4 files changed, 32 insertions, 20 deletions

diff --git a/src/lib/libssl/ssl_locl.h b/src/lib/libssl/ssl_locl.h
index e41465419a..036c1dacb2 100644
--- a/src/lib/libssl/ssl_locl.h
+++ b/src/lib/libssl/ssl_locl.h
@@ -1,4 +1,4 @@
-/* $OpenBSD: ssl_locl.h,v 1.284 2020/08/30 15:40:20 jsing Exp $ */
+/* $OpenBSD: ssl_locl.h,v 1.285 2020/08/31 14:04:51 tb Exp $ */
 /* Copyright (C) 1995-1998 Eric Young (eay@cryptsoft.com)
  * All rights reserved.
  *
@@ -1161,7 +1161,8 @@ int ssl_cert_add1_chain_cert(CERT *c, X509 *cert);
 SESS_CERT *ssl_sess_cert_new(void);
 void ssl_sess_cert_free(SESS_CERT *sc);
 int ssl_get_new_session(SSL *s, int session);
-int ssl_get_prev_session(SSL *s, CBS *session_id, CBS *ext_block);
+int ssl_get_prev_session(SSL *s, CBS *session_id, CBS *ext_block,
+    int *alert);
 int ssl_cipher_id_cmp(const SSL_CIPHER *a, const SSL_CIPHER *b);
 SSL_CIPHER *OBJ_bsearch_ssl_cipher_id(SSL_CIPHER *key, SSL_CIPHER const *base,
     int num);
@@ -1397,7 +1398,7 @@ int ssl_check_clienthello_tlsext_late(SSL *s);
 int ssl_check_serverhello_tlsext(SSL *s);
 
 int tls1_process_ticket(SSL *s, CBS *session_id, CBS *ext_block,
-    SSL_SESSION **ret);
+    int *alert, SSL_SESSION **ret);
 
 long ssl_get_algorithm2(SSL *s);
 
diff --git a/src/lib/libssl/ssl_sess.c b/src/lib/libssl/ssl_sess.c
index 16b4b75bc4..827360176b 100644
--- a/src/lib/libssl/ssl_sess.c
+++ b/src/lib/libssl/ssl_sess.c
@@ -1,4 +1,4 @@
-/* $OpenBSD: ssl_sess.c,v 1.85 2019/04/22 15:12:20 jsing Exp $ */
+/* $OpenBSD: ssl_sess.c,v 1.86 2020/08/31 14:04:51 tb Exp $ */
 /* Copyright (C) 1995-1998 Eric Young (eay@cryptsoft.com)
  * All rights reserved.
  *
@@ -435,10 +435,10 @@ sess_id_done:
  *     to 1 if the server should issue a new session ticket (to 0 otherwise).
  */
 int
-ssl_get_prev_session(SSL *s, CBS *session_id, CBS *ext_block)

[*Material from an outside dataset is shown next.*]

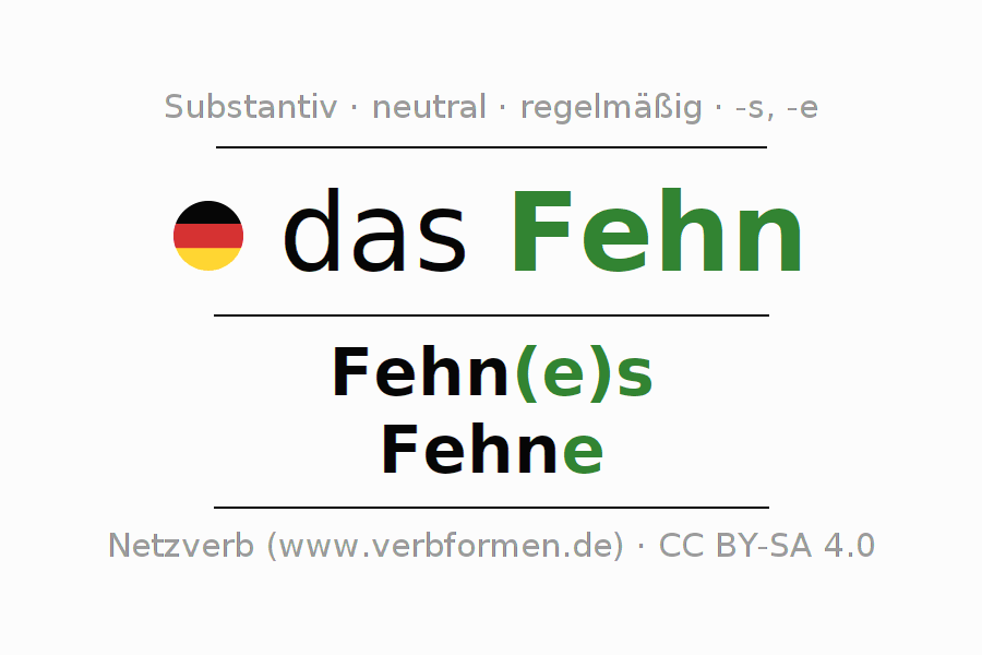 Die Deklination des Substantivs Fehn ist im Singular Genitiv Fehn(e)s und im Plural Nominativ Fehne. Das Nomen Fehn wird stark mit den Deklinationsendungen es/e dekliniert. Das Genus bzw. grammatische Geschlecht von Fehn ist Neutral und der bestimmte Artikel ist "das". Man kann hier nicht nur Fehn deklinieren, sondern alle deutschen Substantive. Kommentare ☆

+ssl_get_prev_session(SSL *s, CBS *session_id, CBS *ext_block, int *alert)
 {
         SSL_SESSION *ret = NULL;
-        int fatal = 0;
+        int alert_desc = SSL_AD_INTERNAL_ERROR, fatal = 0;
         int try_session_cache = 1;
         int r;
 
@@ -451,7 +451,7 @@ ssl_get_prev_session(SSL *s, CBS *session_id, CBS *ext_block)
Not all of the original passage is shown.